- Born: Benjamin Hicklin 11 November 1816 Wolverhampton, Staffordshire, England
- Died: 16 March 1909 (aged 92) Worthing, Sussex, England
- Occupations: Solicitor, licensed carrier, farmer
- Known for: Mayor of Wolverhampton, Hicklin test

= Benjamin Hicklin =

British licensed carrier and solicitor

Benjamin Hicklin JP (11 November 1816 - 16 March 1909) was an English licensed carrier, farmer, solicitor and Borough Magistrate, who served as Mayor of Wolverhampton in 1859 and 1860.

==Hicklin case==
The case centred on a Wolverhampton resident, metal broker Henry Scott, a Protestant activist, who was reselling anti-catholic pamphlets obtained from London. The pamphlet The Confessional Unmasked: Shewing the Depravity of the Romanish Priesthood, the Iniquity of the Confessional, and the Questions Put to Females in Confession put out by the Protestant Electoral Union which contained sections which appeared to contravene the recently enacted Obscene Publications Act 1857. The borough Watch Committee directed a police officer to bring a complaint before two justices of the borough, Hicklin being one of the justices. They issued a warrant for seizure and destruction of the pamphlets and 252 pamphlets were seized. On 26 May 1867 Scott appealed the order at the borough quarter sessions. The recorder overturned the order of the justices and directed that the pamphlets be returned to Scott, subject to the opinion of the Court of the Queen's Bench. On 29 April the Court decided, "We have considered this matter, and we are of opinion that the judgment of the learned recorder must be reversed, and the decision of the magistrates affirmed."

==Hicklin test==

The Hicklin test is a legal test for obscenity established by the English case Regina v. Hicklin. At issue was the statutory interpretation of the word "obscene" in the Obscene Publications Act 1857, which authorized the destruction of obscene books. The court held that all material tending "to deprave and corrupt those whose minds are open to such immoral influences" was obscene, regardless of its artistic or literary merit.

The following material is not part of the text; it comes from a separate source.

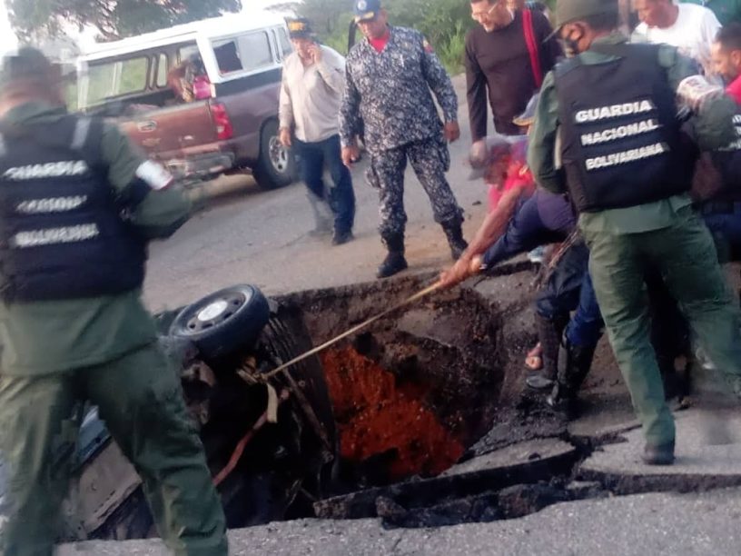 Asimismo, nos reportan que tras ceder la carretera, un vehículo en horas de la madrugada cayó al vacío, funcionarios de protección civil ya estarían en el lugar para resguardar el área.

American courts adopted the Hicklin Test in applying the 1873 Comstock Act, but it later did not survive scrutiny in the US under the First Amendment.

==Politics==
Hicklin served as Mayor of Wolverhampton 1859/60

==Family==
Hicklin was born in Wolverhampton on 11 November 1816, the son of wharfinger Benjamin Hickin and Elizabeth née Barney. Hicklin became articled for five years to attorney at law, Joseph Foster of Wolverhampton, on 26 May 1832. In 1844 he was living at Graiseley House, and owned a part share of houses and land with his elder brother, James.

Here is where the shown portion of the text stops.